La. Code Evid. art. 1101 provides in pertinent part:

(1) Except as otherwise provided by legislation, the provisions of this Code shall be applicable to the determination of questions of fact in all contradictory judicial proceedings. . . .

(2) Furthermore, except as otherwise provided by legislation, Chapter 5 of this Code with respect to testimonial privileges applies to all stages of all actions, cases, and proceedings where there is power to subpoena witnesses, including administrative, juvenile, legislative, military courts-martial, grand jury, arbitration, medical review panel, and judicial proceedings, and the proceedings enumerated in Paragraphs B and C of this Article.

B. Limited applicability. Except as otherwise provided by Article 1101(A)(2) and other legislation, in the following proceedings, the principles underlying this Code shall serve as guides to the admissibility of evidence. The specific exclusionary rules and other provisions, however, shall be applied only to the extent that they tend to promote the purposes of the proceeding.

. . . .

(8) Hearings on motions and other summary proceedings involving questions of fact not dispositive of or central to the disposition of the case on the merits, or to the dismissal of the case, excluding in criminal cases hearings on motions to suppress evidence and hearings to determine mental capacity to proceed.

C. Rules inapplicable. Except as otherwise provided by Article 1101(A)(2) and other legislation, the provisions of this Code shall not apply to the following:

(1) The determination of questions of fact preliminary to admissibility of evidence when the issue is to be determined by the court under Article 104.

La. Code Evid. art. 104, referenced in La.

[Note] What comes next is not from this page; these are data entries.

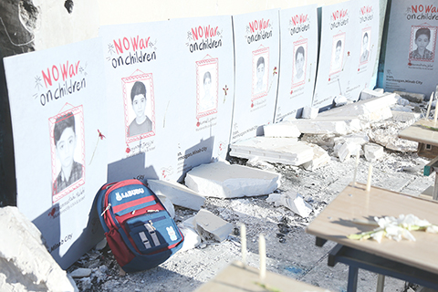 ◎ 4月6日,伊朗政府在德黑蘭舉行活動,悼念遭美以空襲遇難的米納卜小學學生,強烈譴責美以襲擊伊朗學校和學生的行為。2月28日,在美國和以色列對伊朗發動的軍事行動中,伊朗南部米納卜市的一所小學遭空襲。伊朗方面表示,空襲造成至少175人死亡,其中大部分是兒童。圖為6日,在伊朗首都德黑蘭市舉行的悼念活動現場,組織者搭建起小學教室遭襲場景並擺放遇難兒童照片,悼念遭美以空襲遇難的米納卜小學學生。(新華社記者 沙達提攝)
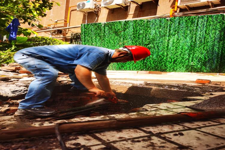 在這(zhe)支(zhi)水(shui)務藍隊伍里有這樣(yang)一(yi)位衛士——管(guan)道維修(xiu)工張國彪,他(ta)頭頂烈日,腳踏熱土,始終(zhong)堅守城區(qu)管道(dao)巡檢第一線。此(ci)刻的他(ta)正(zheng)蹲在破裂水管旁,藍(lan)色工(gong)裝(zhuang)早已(yi)被汗水浸透(tou),緊緊貼(tie)在背(bei)上。他抹了把臉,任憑(ping)汗珠混著泥水滑落,手里的扳(ban)手卻一刻沒停(ting),這已是他(ta)今天處理的第二個搶修點。
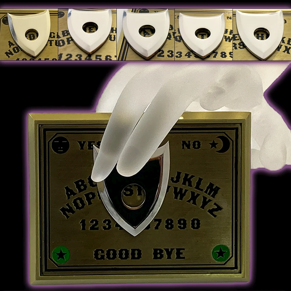 An metal magnet item based on the card “Destiny Board” used by Yami Bakura. Maintaining the concept of the Ouija Board esque “Destiny Board”, making it a quality item! Since the silver piece is a magnet, you can move it around.
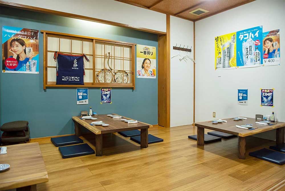 20席(カウンタ―、小上がり板座敷) 座敷席全体の貸切(最大16名様をご収容可能)利用も可能です。 |
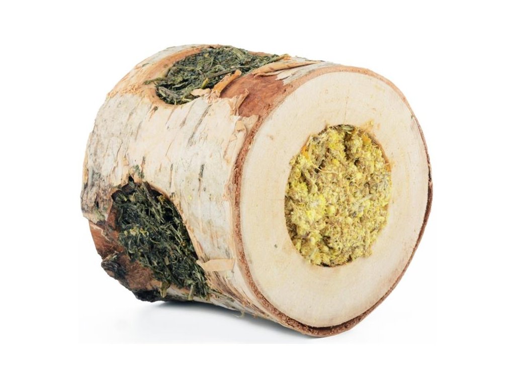 Kombinace pamlsku, hračky a materiálu k broušení hlodavých zubů. Dolování chutné směsi zvíře zabaví a pochutná si. Zbylý špalek z čerstvé břízy i s kůrou poslouží jako vítaný materiál k okusu. Malí hlodavci mohou tunel využít i jako úkryt.
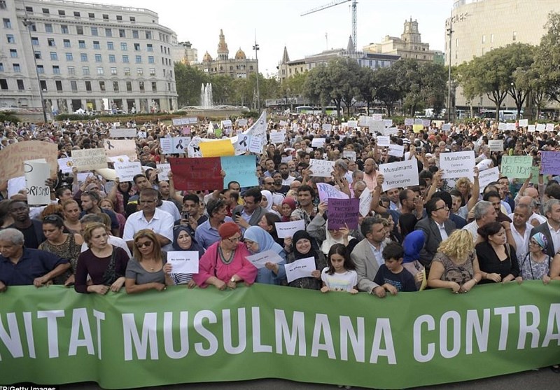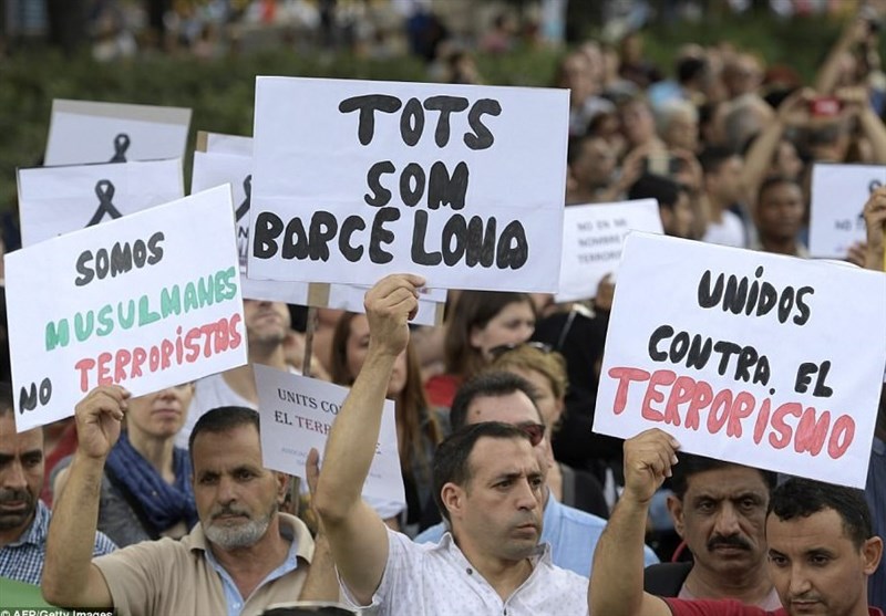 Improvised placards reading "We are also victims," "Terrorism has no religion," "We are all Barcelona, not terrorism," were held by the crowd.
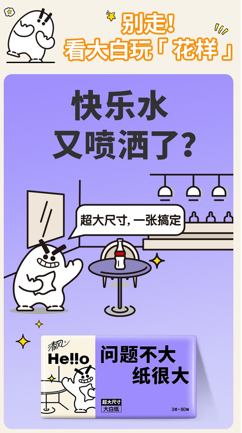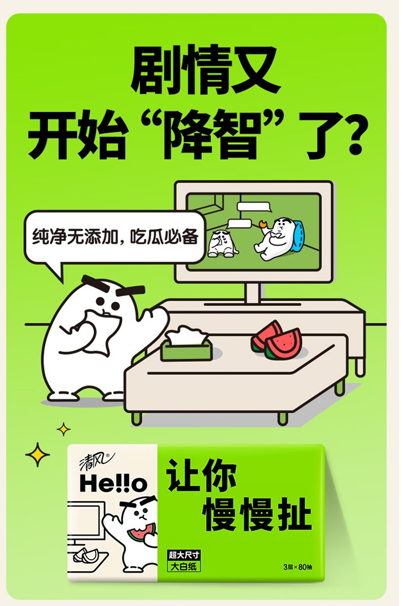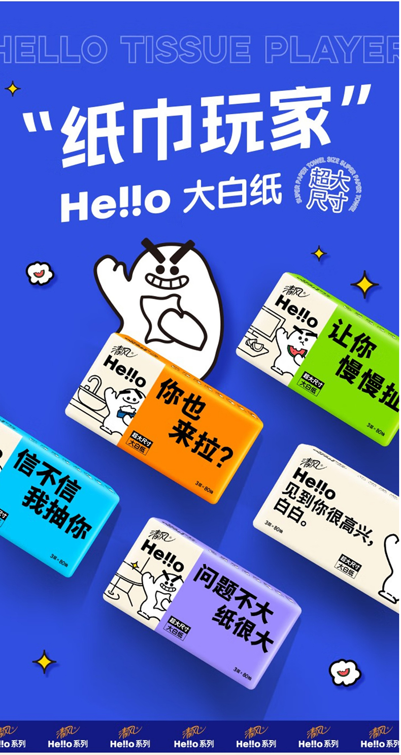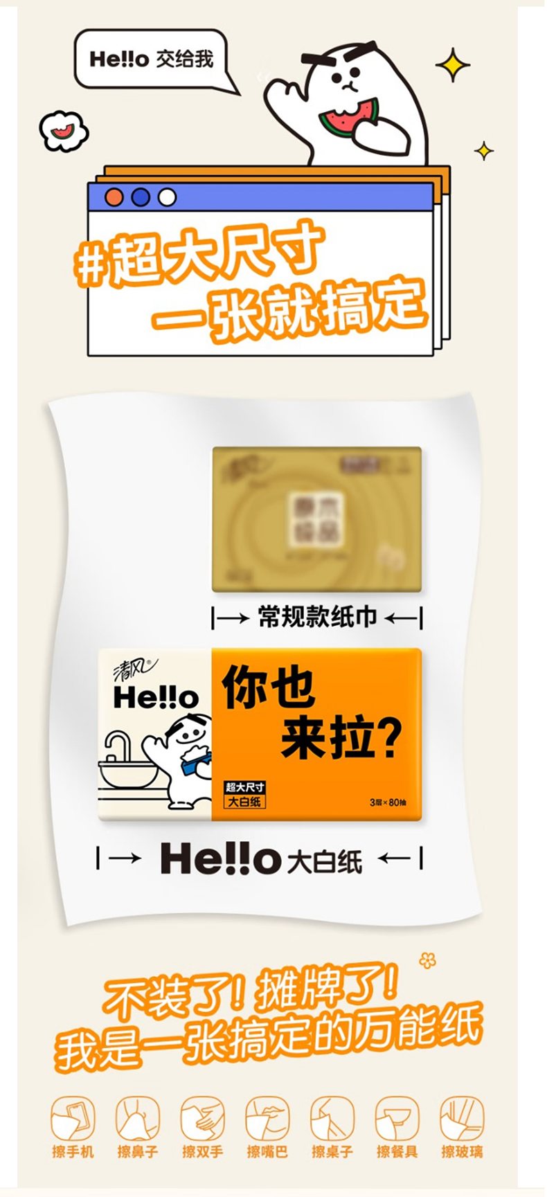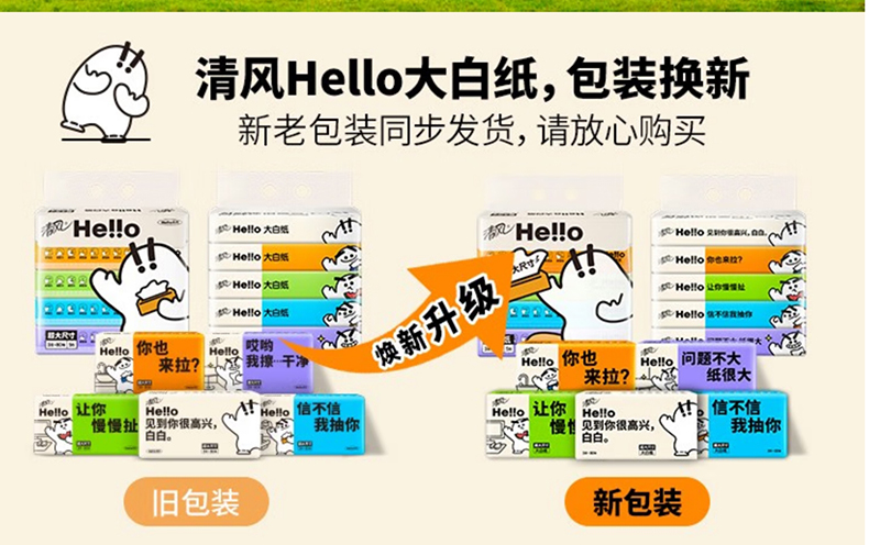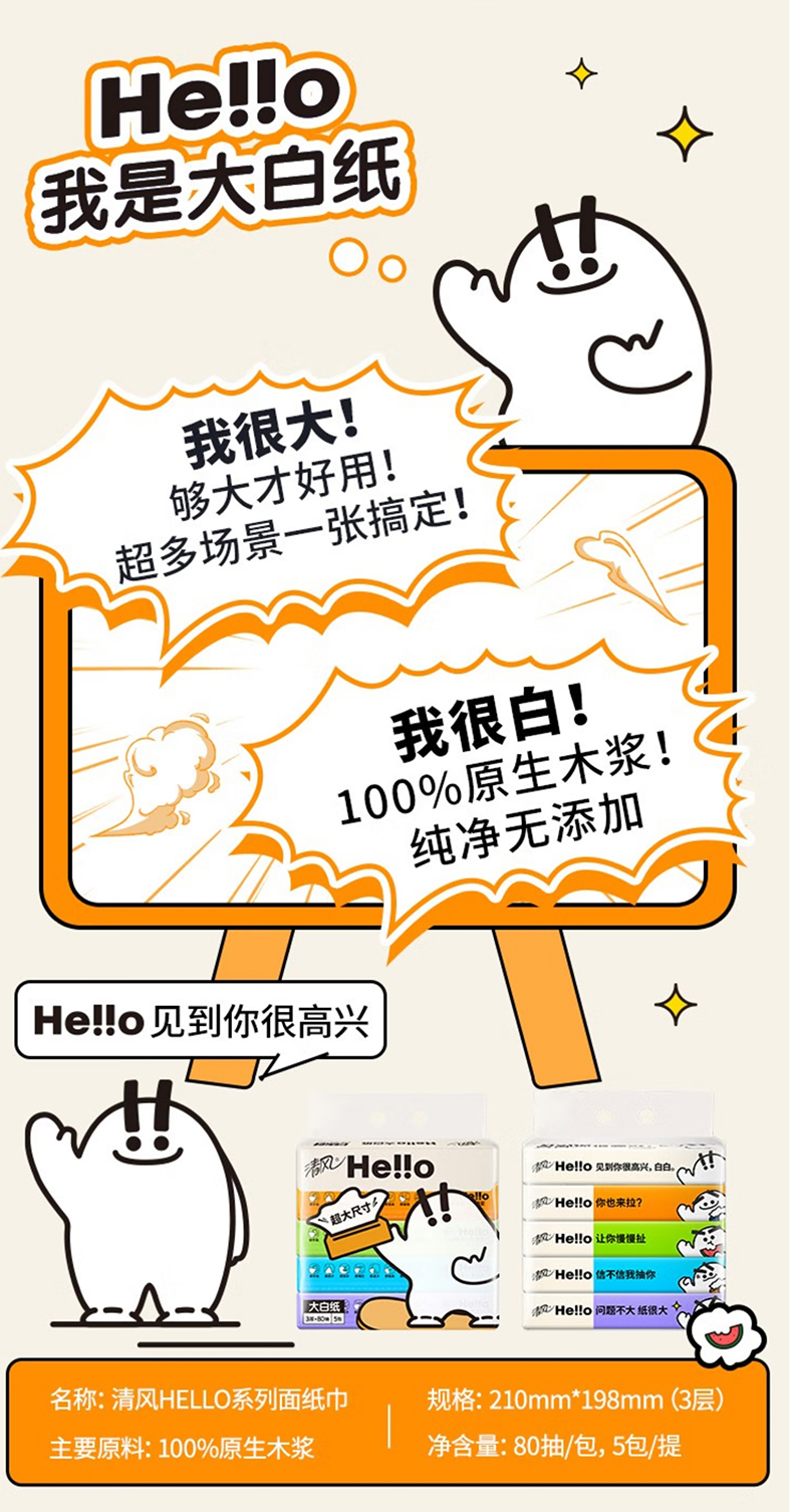 清风Hello抽取式超大号面巾纸3层80抽10包 (5包/提*2提)

Code Evid. art. 1101(C)(1), provides in pertinent part:
(A) Preliminary questions concerning . . . the admissibility of evidence shall be determined by the court . . . In making its determination it is not bound by the rules of evidence except those with respect to privileges.

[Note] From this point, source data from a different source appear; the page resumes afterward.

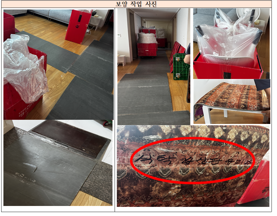 보이시나요? 일부만 사진을 찍었지만 바닥찍힘도 예방하시고, 의자까지 먼지 들어가지 않게 비닐로 로 모두 보양작업을 해주십니다. 더불어 저희 집 식탁은 상판이 유리/대리석으로 되어있는데요!? 이부분을 아주 세심하게 안쪽에 테이핑하시고 상판에 천을 여러겹 씌우고, 매직으로 "식탁 상판 유리" 주의를 써서 절대 깨지지 않게 작업을 해주셨습니다. 정말 세심한 부분이 많이 느껴집니다
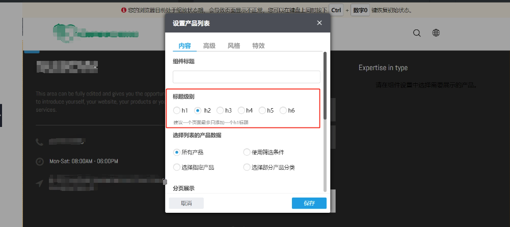 功能描述:为了用更灵活的方式实现网站的SEO优化,产品、文章、图文展示组件支持设置标题的Html标签。
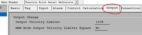 Output Velocity Limiter:可以设置从0到MV刻度量程范围内的工业单位数据或%值,默认是100%。
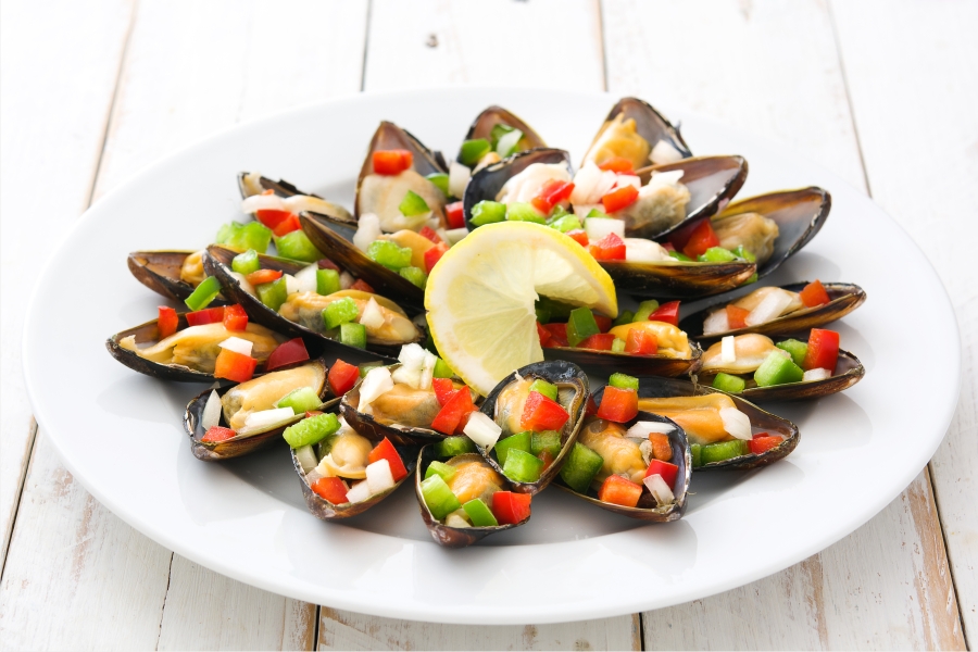 Coloque os mexilhões numa travessa e distribua esta mistura pelos mexilhões.
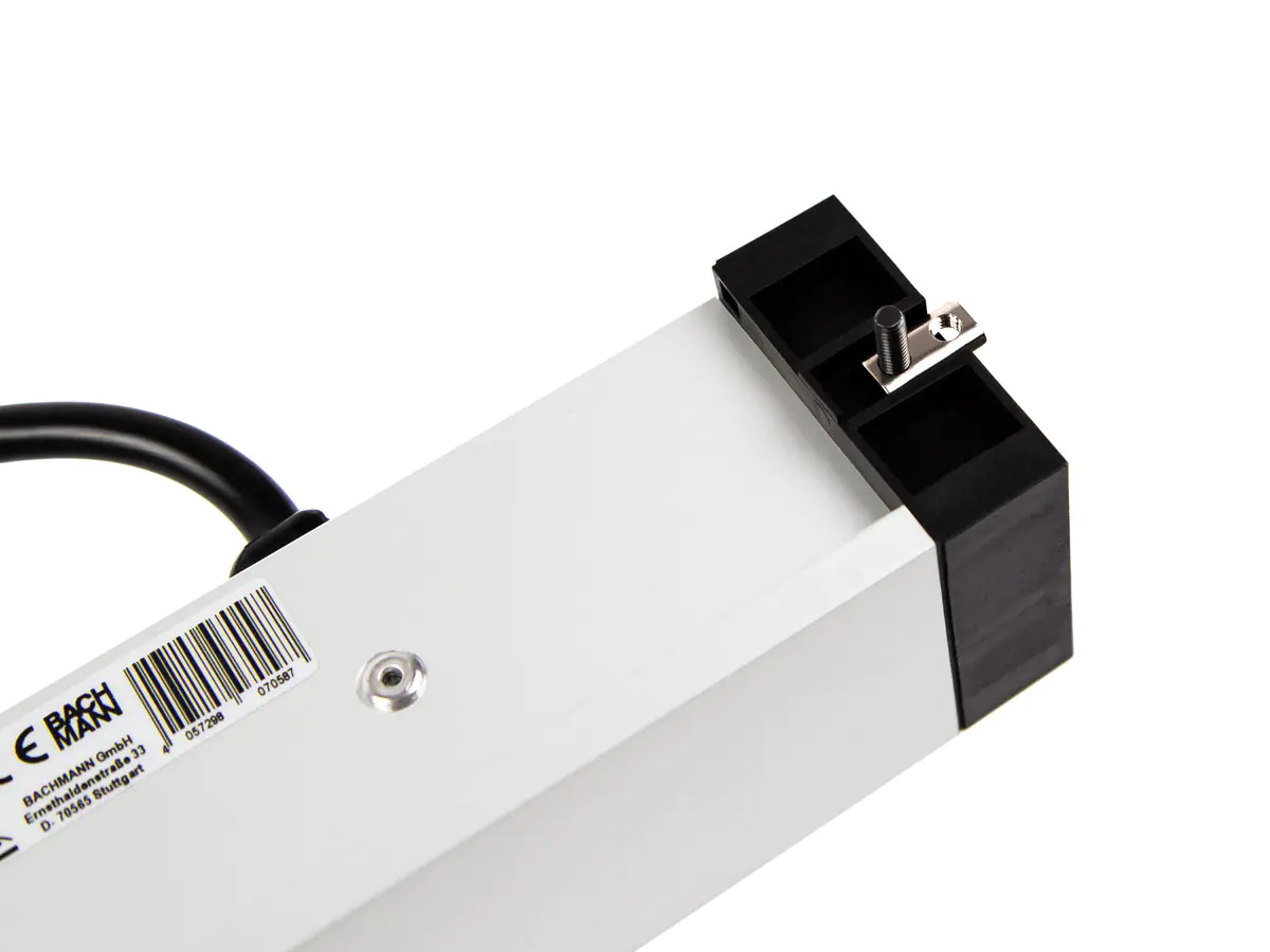 Die Bachmann DESK RAIL 941.001 ist mit 2 Steckdosen, 1 USB Doppelcharger und 1 Custom Modul zur individuellen Bestückung ausgestattet. Die Befestigung gelingt einfach durch das Anschrauben an der Frontseite, während Daten- und Stromzuleitungen von unten erfolgt. Die Bachmann DESK RAIL ist, dank der Universalaufnahme, nahezu mit allen Standard-Relingsysteme kompatibel.

After reviewing the provisions of La. Code Evid. art. 104 and 1101, it is evident confusion may exist on the question of whether hearsay evidence may be admissible at a hearing on a motion to suppress. Such confusion is exacerbated by one of the Comments to La. Code Evid. art. 1101 which states that "Subparagraph (B)(8) coupled with Paragraph A continues in effect the requirement that formal evidentiary rules generally apply in hearings on motions to suppress evidence." Notwithstanding the facial confusion and the text of the Comment, we find resolution of the question in La. Code Evid. art. 1101(C)(1) which explicitly states the provisions of the Code of Evidence are not applicable to "[t]he determination of questions of fact preliminary to admissibility of evidence when the issue is to be determined by the court under [La. Code Evid.] Article 104." As stated in Article 104, "[p]reliminary questions concerning . . . the admissibility of evidence shall be determined by the court . . . In making its determination it is not bound by the rules of evidence except those with respect to privileges." Accordingly, we find the exclusionary clause of La. Code Evid. art. 1101(B)(8), when considered in pari materiae with La. Code Evid. art. 104, may be read to generally exempt hearings on motions to suppress evidence from the rules of evidence except with respect to privileges. Thus, La. Code Evid. art. 1101(B) may be read harmoniously with the provisions of La. Code Evid. art. 104(A).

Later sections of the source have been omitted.